Work required
The output must match the entries below exactly, with pictures removed.

** Opening Dataset excerpts block **

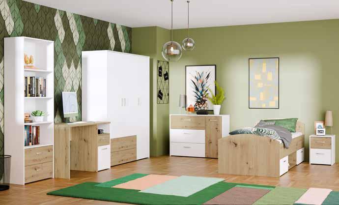 Jugendzimmer in Weiß, kombiniert mit Artisan Eiche Nachbildung, bietet viel Stauraum für diverse Gegenstände und Kleidung.
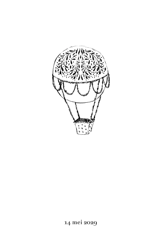 Een opvallend geboortekaartje voor jullie zoon of dochter. Kleine avonturen beginnen klein. Op de voorzijde een getekende luchtballon en sierlijke takjes in roséfolie. Wil je een andere kleur folie? Dit kun je eenvoudig aanpassen in de editor.
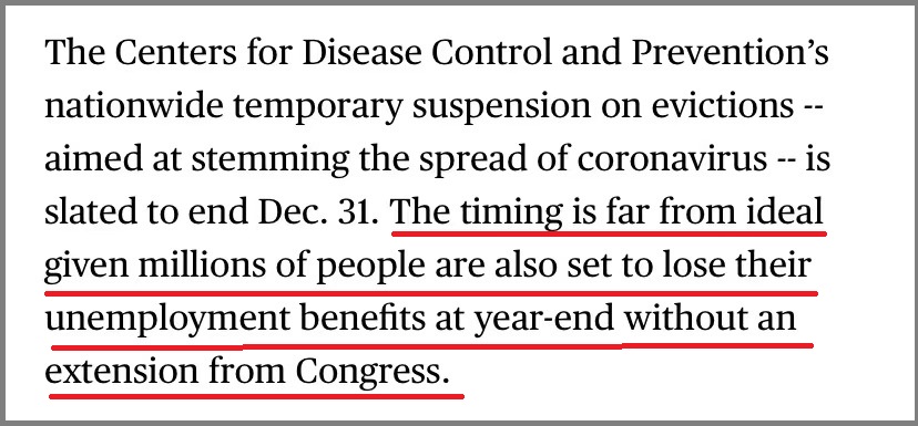此前,美國疾病控制和預防中心(Centers for Disease Control and Prevention)曾在全國範圍內暫停驅逐行動,旨在阻止新冠病毒的傳播,這一“暫緩驅逐令”定於12月31日結束。彭博社指出,“暫緩驅逐令”的中止還為時尚早,因為仍有數百萬人將在年底失去他們的失業救濟金。
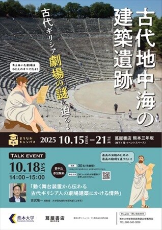 熊本大学は、熊本県内16店舗のTSUTAYAを運営するニューコ・ワンとの共同企画で、熊大まちなかキャンパス「古代地中海の建築遺跡~古代ギリシア劇場の謎に迫る!~」を10月15日(水)~21日(火)に開催する。会場は、蔦屋書店熊本三年坂 地下1階イベントスペースだ。
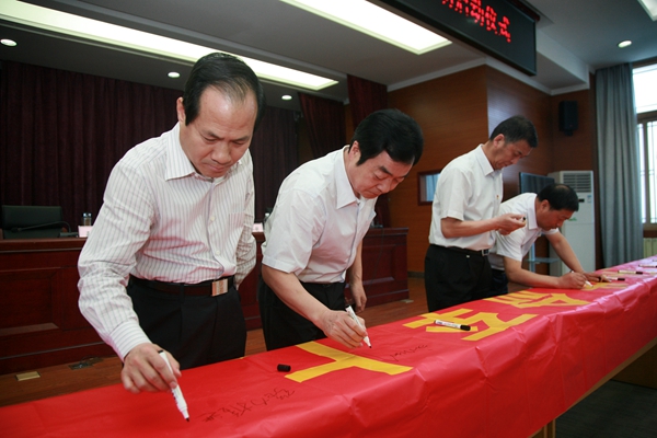 隨后,公司領(lǐng)導(dǎo)及參會(huì)人員在“生命至上 安全發(fā)展”主題宣傳條幅上鄭重簽名,表示要牢固樹立“生命至上、安全發(fā)展”理念,不斷強(qiáng)化安全意識(shí),進(jìn)一步堅(jiān)定抓安全工作的信心和決心,切實(shí)履行好安全生產(chǎn)工作職責(zé),共筑安全防線,共保安全生產(chǎn)、共促安全發(fā)展。
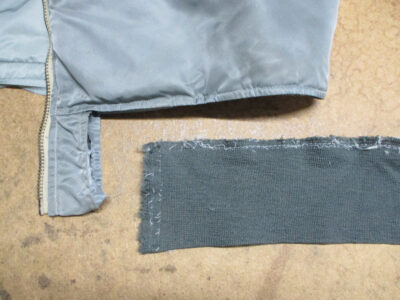 12枚目はMA-1フライトジャケットから襟、両袖、腰回りのリブニットを取り外した写真です。
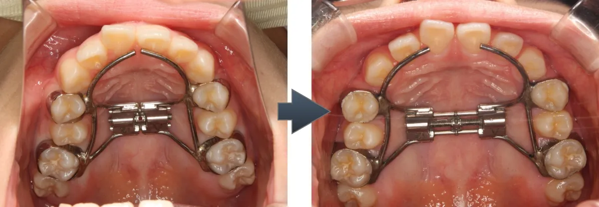 このように、あごを広げると歯がゆったり綺麗に並んでくるようになります。 歯が並ぶスペースができるので、抜歯が必要なくなるのもお分かりいただけるでしょう。 永久が生え揃う12歳くらいまでは、これらの装置を使いあごを大きくすることを目的として治療を行います。 これを一期治療と呼びます。
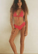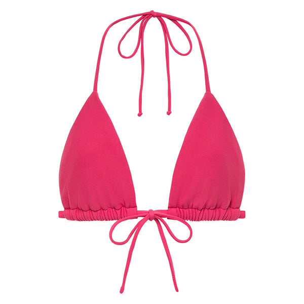 Get moderate support and maximum style with the Raspberry Emma Bikini Top by Montce. This adjustable top features ties at the neck and back for a customized fit, while the removable bow adds a touch of charm and can be worn in the center front or elsewhere. Perfect for a playful day at the beach!
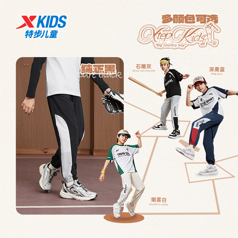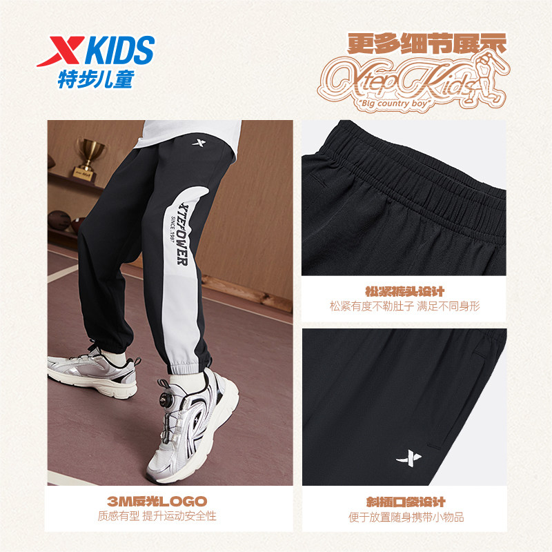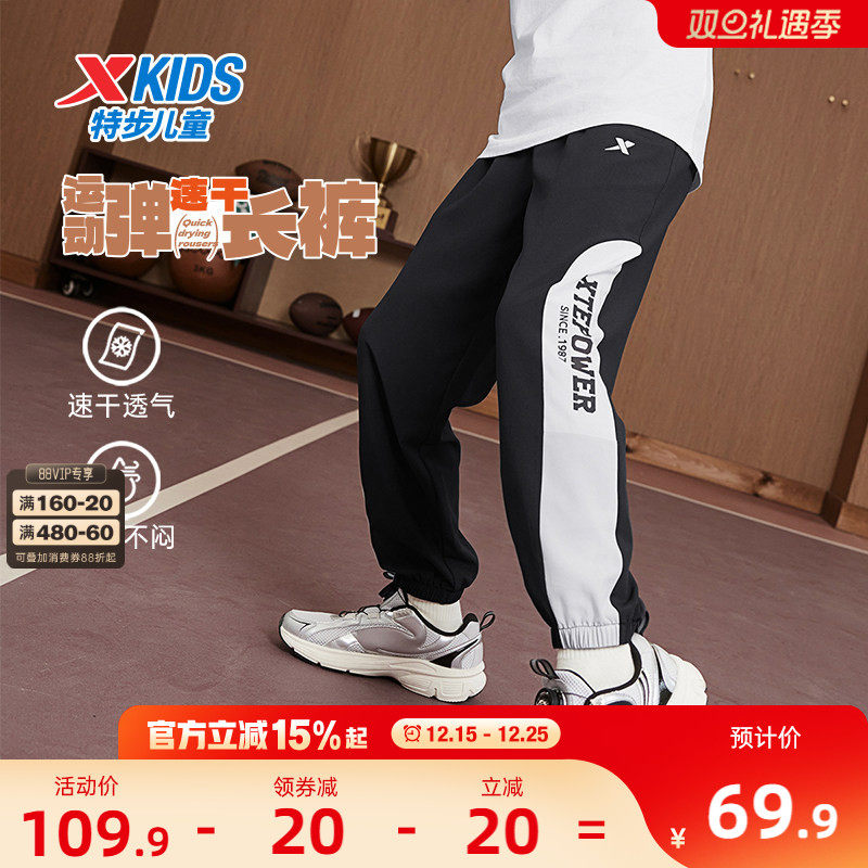 特步童装儿童拼接运动裤男童速干长裤2025秋冬新款大童跑步裤裤子
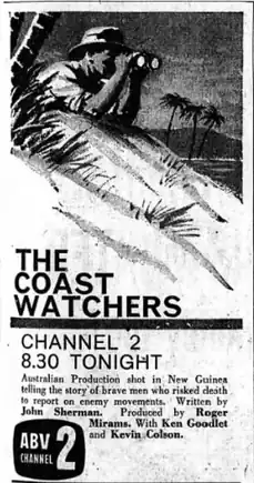 The Coastwatchers is a docudrama television film about coastwatchers made in 1959 by producer Roger Mirams for Pacific Films. It starred Ken Goodlet and Kevin Colson and was written by John Sherman and directed by Mirams.[6][5]
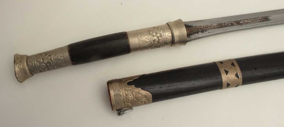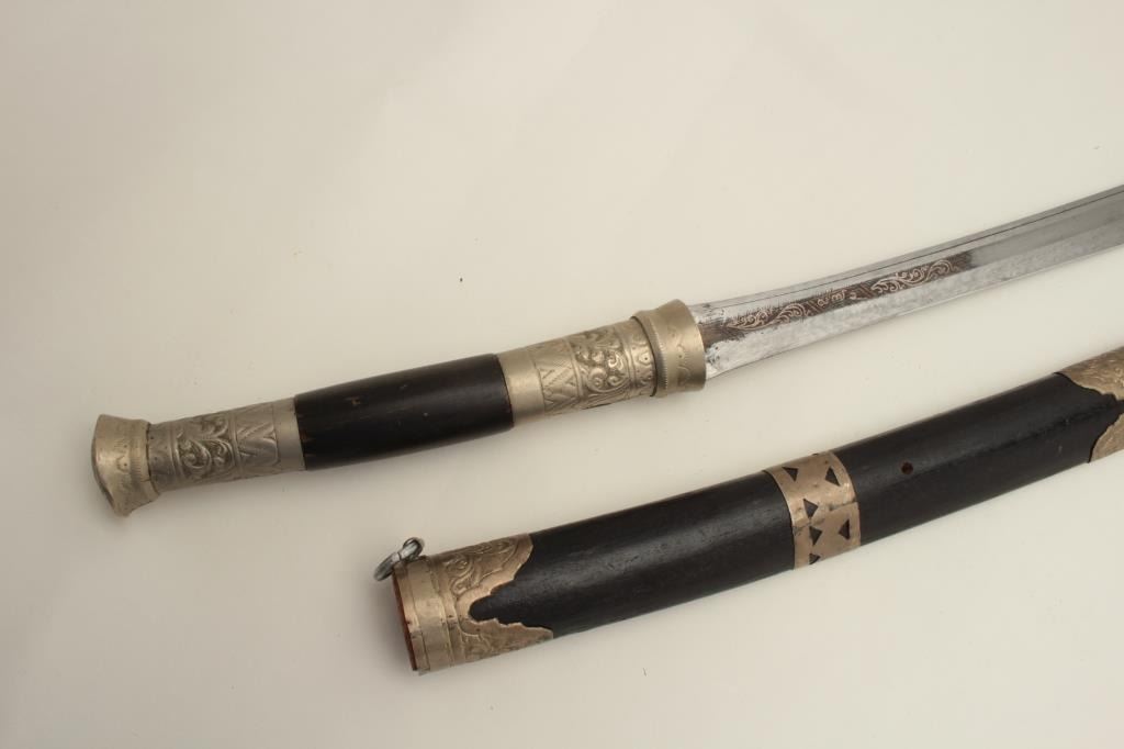 Southeast Asian Da with scabbard, approximately 33” overall. Est.: $75-$150.
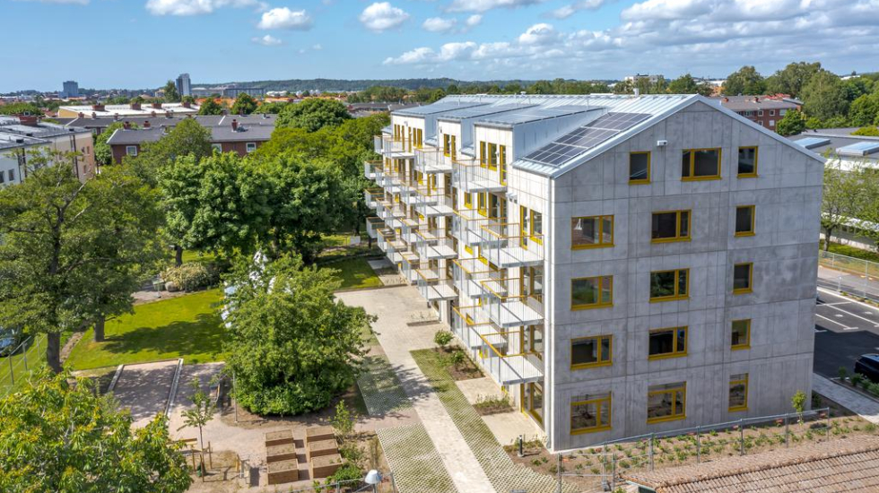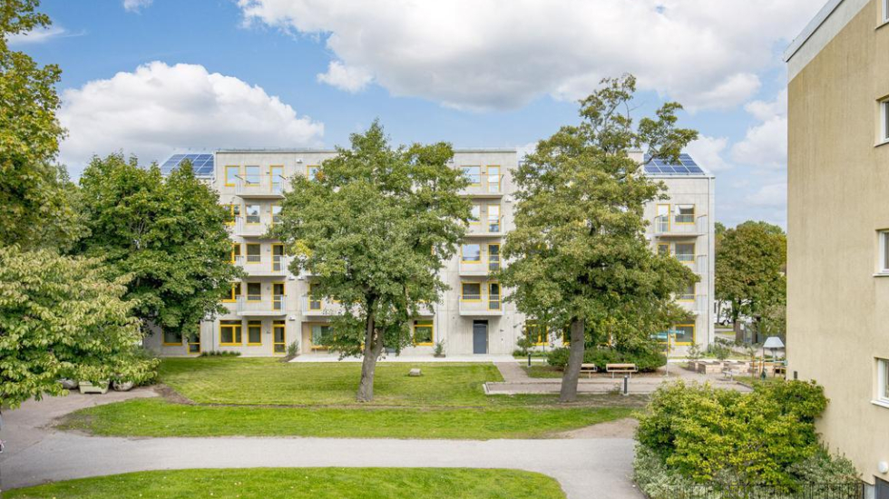 Kvarteret Häggen är miljöklassat enligt Svanen. Det innebär att du får en bostad med en sund inomhusmiljö och hälsosamma material, vilket också har en positiv miljöpåverkan. På taket sitter solceller som bidrar till att minska husets energiprestanda.
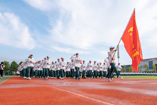 標(biāo)兵就位后,軍訓(xùn)副團(tuán)長張卓率隊(duì)迎接團(tuán)旗,全體參訓(xùn)師生肅立致敬。
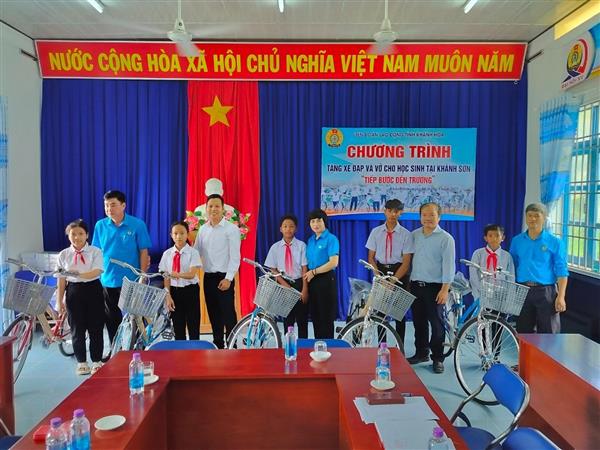 trao tặng 05 xe đạp và 3.000 quyển vở cho con đồng bào Khánh Sơn
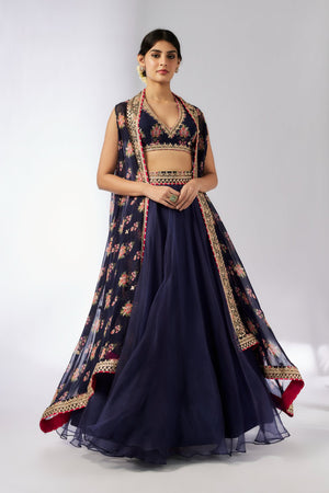 The outfit in the image is an elegant navy blue lehenga set, featuring a halter-neck choli with intricate floral embroidery and a matching flowy skirt. The ensemble is complemented by a beautifully embroidered dupatta, making it a perfect choice for festive celebrations and traditional events.
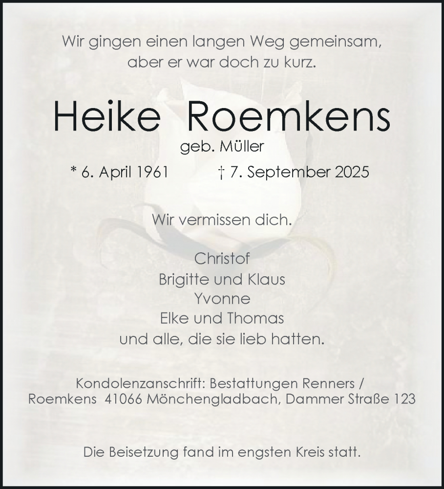 Hier finden Sie alle Traueranzeigen aus der Zeitung, die bisher für Heike Roemkens erschienen sind. Weitere Traueranzeigen, die in der Zeitung erscheinen, werden hier ebenfalls aufgelistet
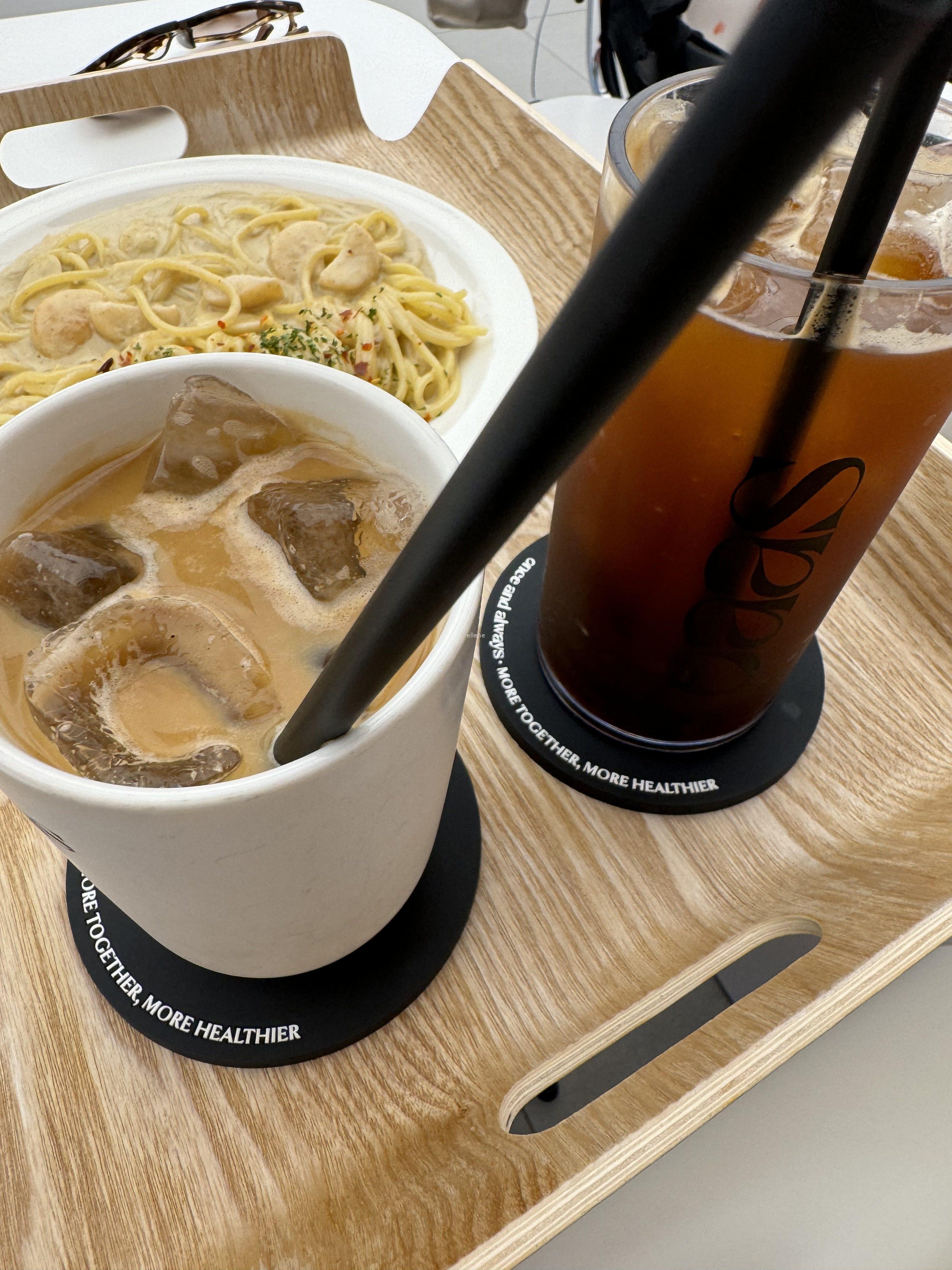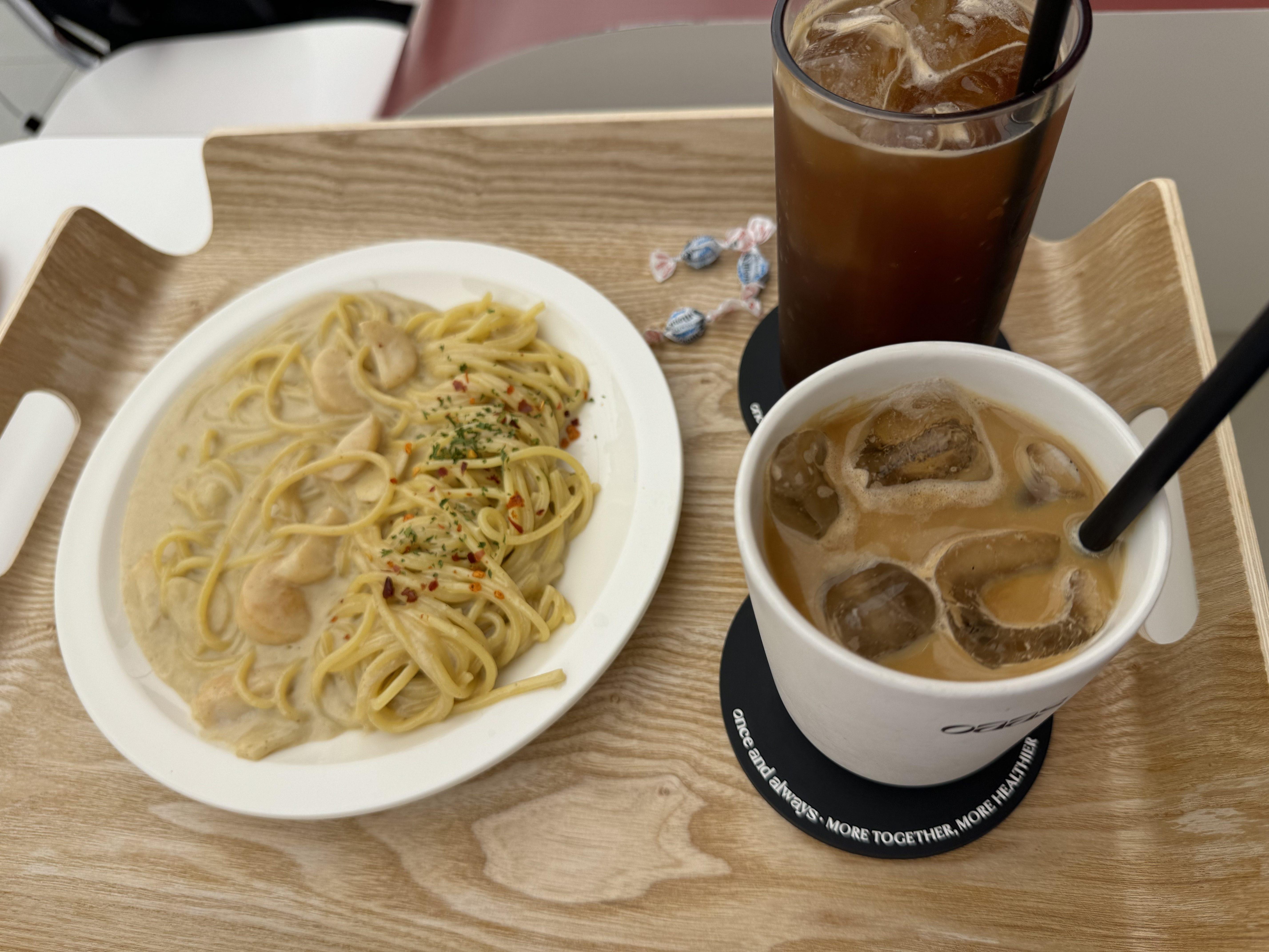 우리가 주문한 메뉴가 나왔어요! 아이스아메리카노 한 잔, 아이스 라떼 한 잔, 그리고 게살 내장 파스타 한 그릇.
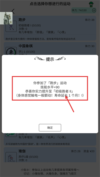 3、完成【跑步】运动后,会触发提示框显示技能升级与寿命延长,点击【确定】关闭弹窗即可。

** Closing Dataset excerpts block **

Solution below
 Jugendzimmer in Weiß, kombiniert mit Artisan Eiche Nachbildung, bietet viel Stauraum für diverse Gegenstände und Kleidung.
 Een opvallend geboortekaartje voor jullie zoon of dochter. Kleine avonturen beginnen klein. Op de voorzijde een getekende luchtballon en sierlijke takjes in roséfolie. Wil je een andere kleur folie? Dit kun je eenvoudig aanpassen in de editor.
此前,美國疾病控制和預防中心(Centers for Disease Control and Prevention)曾在全國範圍內暫停驅逐行動,旨在阻止新冠病毒的傳播,這一“暫緩驅逐令”定於12月31日結束。彭博社指出,“暫緩驅逐令”的中止還為時尚早,因為仍有數百萬人將在年底失去他們的失業救濟金。
 熊本大学は、熊本県内16店舗のTSUTAYAを運営するニューコ・ワンとの共同企画で、熊大まちなかキャンパス「古代地中海の建築遺跡~古代ギリシア劇場の謎に迫る!~」を10月15日(水)~21日(火)に開催する。会場は、蔦屋書店熊本三年坂 地下1階イベントスペースだ。
 隨后,公司領(lǐng)導(dǎo)及參會(huì)人員在“生命至上 安全發(fā)展”主題宣傳條幅上鄭重簽名,表示要牢固樹立“生命至上、安全發(fā)展”理念,不斷強(qiáng)化安全意識(shí),進(jìn)一步堅(jiān)定抓安全工作的信心和決心,切實(shí)履行好安全生產(chǎn)工作職責(zé),共筑安全防線,共保安全生產(chǎn)、共促安全發(fā)展。
 12枚目はMA-1フライトジャケットから襟、両袖、腰回りのリブニットを取り外した写真です。
 このように、あごを広げると歯がゆったり綺麗に並んでくるようになります。 歯が並ぶスペースができるので、抜歯が必要なくなるのもお分かりいただけるでしょう。 永久が生え揃う12歳くらいまでは、これらの装置を使いあごを大きくすることを目的として治療を行います。 これを一期治療と呼びます。
 Get moderate support and maximum style with the Raspberry Emma Bikini Top by Montce. This adjustable top features ties at the neck and back for a customized fit, while the removable bow adds a touch of charm and can be worn in the center front or elsewhere. Perfect for a playful day at the beach!
 特步童装儿童拼接运动裤男童速干长裤2025秋冬新款大童跑步裤裤子
 The Coastwatchers is a docudrama television film about coastwatchers made in 1959 by producer Roger Mirams for Pacific Films. It starred Ken Goodlet and Kevin Colson and was written by John Sherman and directed by Mirams.[6][5]
 Southeast Asian Da with scabbard, approximately 33” overall. Est.: $75-$150.
 Kvarteret Häggen är miljöklassat enligt Svanen. Det innebär att du får en bostad med en sund inomhusmiljö och hälsosamma material, vilket också har en positiv miljöpåverkan. På taket sitter solceller som bidrar till att minska husets energiprestanda.
 標(biāo)兵就位后,軍訓(xùn)副團(tuán)長張卓率隊(duì)迎接團(tuán)旗,全體參訓(xùn)師生肅立致敬。
 trao tặng 05 xe đạp và 3.000 quyển vở cho con đồng bào Khánh Sơn
 The outfit in the image is an elegant navy blue lehenga set, featuring a halter-neck choli with intricate floral embroidery and a matching flowy skirt. The ensemble is complemented by a beautifully embroidered dupatta, making it a perfect choice for festive celebrations and traditional events.
 Hier finden Sie alle Traueranzeigen aus der Zeitung, die bisher für Heike Roemkens erschienen sind. Weitere Traueranzeigen, die in der Zeitung erscheinen, werden hier ebenfalls aufgelistet
 우리가 주문한 메뉴가 나왔어요! 아이스아메리카노 한 잔, 아이스 라떼 한 잔, 그리고 게살 내장 파스타 한 그릇.
 3、完成【跑步】运动后,会触发提示框显示技能升级与寿命延长,点击【确定】关闭弹窗即可。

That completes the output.